SUPREME COURT OF THE STATE OF NEW YORK
Appellate Division, Fourth Judicial Department
1049
KA 12-00882
PRESENT: SCUDDER, P.J., SMITH, FAHEY, SCONIERS, AND VALENTINO, JJ.
THE PEOPLE OF THE STATE OF NEW YORK, RESPONDENT,
V MEMORANDUM AND ORDER
ERIC SAHM, DEFENDANT-APPELLANT.
FRANK J. NEBUSH, JR., PUBLIC DEFENDER, UTICA (DAVID A. COOKE OF
COUNSEL), FOR DEFENDANT-APPELLANT.
ERIC SAHM, DEFENDANT-APPELLANT PRO SE.
SCOTT D. MCNAMARA, DISTRICT ATTORNEY, UTICA (STEVEN G. COX OF
COUNSEL), FOR RESPONDENT.
Appeal from a judgment of the Oneida County Court (Barry M.
Donalty, J.), rendered May 2, 2012. The judgment convicted defendant,
upon his plea of guilty, of sexual abuse in the first degree.

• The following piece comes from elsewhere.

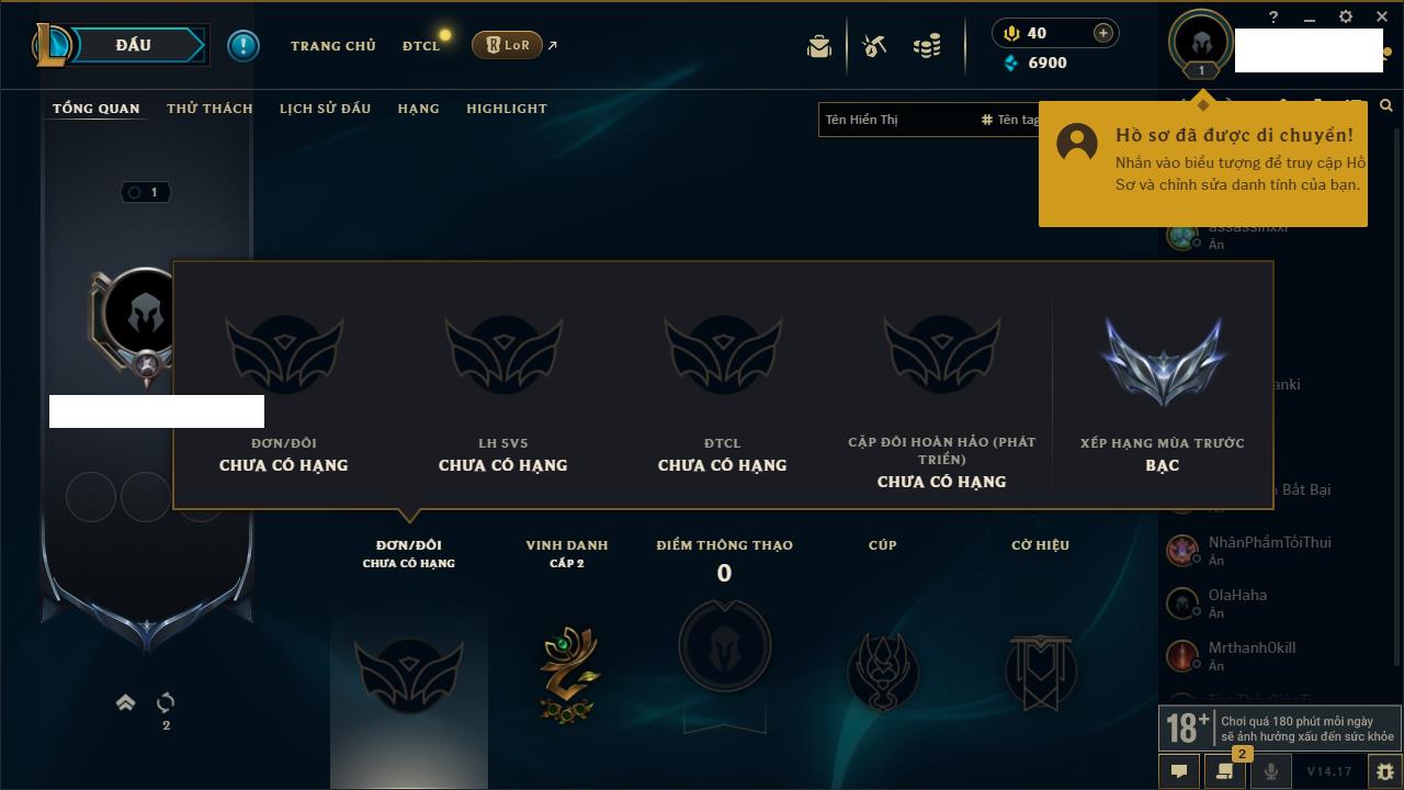Rank Đơn: Lục Bảo IVKhung: VàngTướng: 171 - Còn 154648 THXTrang Phục: 203Rank ĐTCL: Bạch Kim IVLinh Thú: 69

It is hereby ORDERED that the judgment so appealed from is
unanimously affirmed.
Memorandum: Defendant appeals from a judgment convicting him
upon his plea of guilty of sexual abuse in the first degree (Penal Law
§ 130.65 [3]). Contrary to defendant’s contention, the record
establishes that he knowingly, voluntarily and intelligently waived
the right to appeal (see generally People v Lopez, 6 NY3d 248, 256),
and that valid waiver forecloses any challenge by defendant to the
severity of the sentence (see id. at 255; see generally People v
Lococo, 92 NY2d 825, 827; People v Hidalgo, 91 NY2d 733, 737).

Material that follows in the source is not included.